The authors possess the exact data for this test. For the HCP dataset, the empirical fMRI data were explicitly separated into two halves: "fit 2" (the first half of the fMRI runs) and "fit 3" (the second half). They correlated these two halves to establish a "noise ceiling," the maximum possible reliability of the data. Looking at their results in Figure 2b, the correlation of the deepRetinotopy predictions falls below this noise ceiling. This means that the noisy functional Half 1 actually predicts functional Half 2 better than the anatomical model does.

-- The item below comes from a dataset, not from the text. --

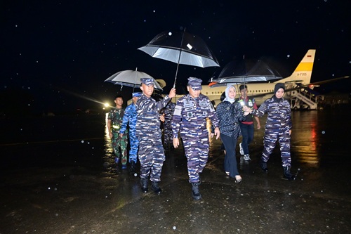 Tiba di Lanud Sultan Hasanuddin, Kasal disambut sejumlah pejabat tinggi TNI Polri dan pejabat penting di lingkup Provinsi Sulawesi Selatan, diantaranya Pangkoarmada II Laksamana TNI I Gung Putu Alit Jaya, Kabaharkam Polri Komjen Pol. Dr. H. Mohammad Fadil Imran, M.Si., Pangdam XIV/Hasanuddin Mayjen TNI Windiyatno, Kapolda Sulawesi Selatan Irjen Pol. Drs Rusdi Hartono M.Si., Aspotmar Kasal Mayjen TNI (Mar) Hermanto, Kadispotmaral Brigjen TNI (Mar) Sugianto, Kaskoops Udara II Marsma TNI Indan Gilang Buldansyah, S.Sos., Danlantamal VI Makassar Brigjen TNI (Mar) Dr. Wahyudi, S.E., M.Tr.Hanla., M.M., M. Han., Kabinda Sulsel Brigjen TNI Andi Anshar, Walikota Makassar Munafri Arifuddin, Ketua DPRD Sulsel, Drg. Andi Rahmatika Dewi Yustitia Iqbal.

The authors should state this explicitly. A side-by-side plot of Half 1 predicting Half 2 versus deepRetinotopy predicting Half 2 would show that the anatomical model regularizes map location well, but misses reliable subject-specific variation that anatomy alone cannot capture.
(4) The Hemodynamic Response Function
The assumptions used to generate the original empirical maps are permanently baked into the deep learning model. However, the authors explicitly mention the hemodynamic response function (HRF) only once, noting in the Methods that the modeled time series was "convolved with a canonical hemodynamic response function."
Beyond this single mention, there is no direct discussion of how the assumption of a single canonical HRF across all 161 HCP training subjects might have systematically impacted or biased the network's predictions. The authors address cross-dataset differences broadly under the umbrella of "experimental design" and "fMRI preprocessing pipeline" biases, but the HRF is a core biological property that mediates the connection between the anatomy and the data. The authors should explicitly discuss how this canonical assumption limits or biases the resulting deepRetinotopy network.
(5) Scoping the Input Data and Normative Use
The authors use FreeSurfer to generate a mean curvature map for the entire midthickness cortical surface. This full-hemisphere curvature map is resampled to a standard template surface space (32k_fs_LR), acting as the data frame that feeds input features into the neural network. However, while the network receives the full geometric structure of the hemisphere, it is explicitly trained to predict retinotopic parameters only within a restricted posterior ROI, based on the Wang et al. atlas and containing roughly 3,200 vertices per hemisphere.
A useful experiment to try, and perhaps the authors have already considered this, would be to restrict the input features exclusively to the posterior vertices. Including all anterior vertices may make it harder for the network to fit the localized visual data. A brief commentary on why the full hemisphere was retained as input could be highly informative for researchers adapting this geometric deep learning pipeline.